:: Dataset extract ::

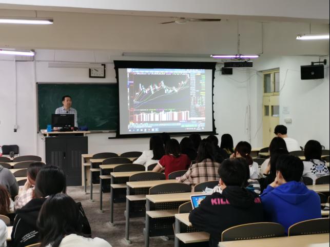 金融专硕校外导师、财达证券研究发展中心韩彦斌总经理,分别为金融专硕研究生和金融学专业本科生授课,授课主题是“股票投资基本面分析”和“股票投资技术分析”。在历时5个小时的授课过程中,韩总结合实战经验,对股票投资技巧进行了生动的讲解,介绍了证券市场的发展历程、资本市场构成和公司架构及经营理念,加深了学生对于资本市场的认识。同时,就金融学专业毕业生就业情况、公司用人理念等问题与同学们进行了互动交流。在座的师生认真聆听了韩总的授课,并积极地进行互动交流,课堂气氛十分活跃。
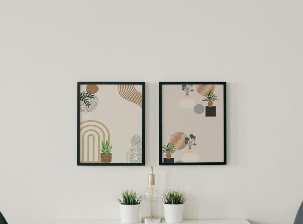 Set of 2 Retro Minimalist Plant Wall Art Printable ,Abstract Minimalist Wall Art, Boho Wall Art, Bohemian Wall Decor, Colorful Prints, Boho Wall Decor, Prints. Hand draw shape design for wall framed prints, canvas prints, poster, home decor.
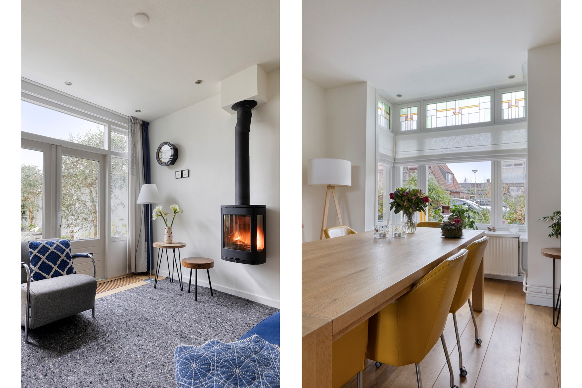 Sfeervolle woonkamer met een speelse indeling. De erker aan de voorkant geeft een mooi uitzicht over de straat en details zoals het glas-in-lood maken het plaatje compleet. Bij de houtkachel is het in de wintermaanden heerlijk vertoeven. De woonkamer staat doormiddel van de openslaande tuindeuren in verbinding met de tuin. De vaste kast zorgt voor extra opbergruimte. De kamer laat zich vrij natuurlijk inrichten met een leuke zit- en eethoek.

:::

Work item:
Copy out the material word for word, without any images.

Answer to this problem:
 金融专硕校外导师、财达证券研究发展中心韩彦斌总经理,分别为金融专硕研究生和金融学专业本科生授课,授课主题是“股票投资基本面分析”和“股票投资技术分析”。在历时5个小时的授课过程中,韩总结合实战经验,对股票投资技巧进行了生动的讲解,介绍了证券市场的发展历程、资本市场构成和公司架构及经营理念,加深了学生对于资本市场的认识。同时,就金融学专业毕业生就业情况、公司用人理念等问题与同学们进行了互动交流。在座的师生认真聆听了韩总的授课,并积极地进行互动交流,课堂气氛十分活跃。
 Set of 2 Retro Minimalist Plant Wall Art Printable ,Abstract Minimalist Wall Art, Boho Wall Art, Bohemian Wall Decor, Colorful Prints, Boho Wall Decor, Prints. Hand draw shape design for wall framed prints, canvas prints, poster, home decor.
 Sfeervolle woonkamer met een speelse indeling. De erker aan de voorkant geeft een mooi uitzicht over de straat en details zoals het glas-in-lood maken het plaatje compleet. Bij de houtkachel is het in de wintermaanden heerlijk vertoeven. De woonkamer staat doormiddel van de openslaande tuindeuren in verbinding met de tuin. De vaste kast zorgt voor extra opbergruimte. De kamer laat zich vrij natuurlijk inrichten met een leuke zit- en eethoek.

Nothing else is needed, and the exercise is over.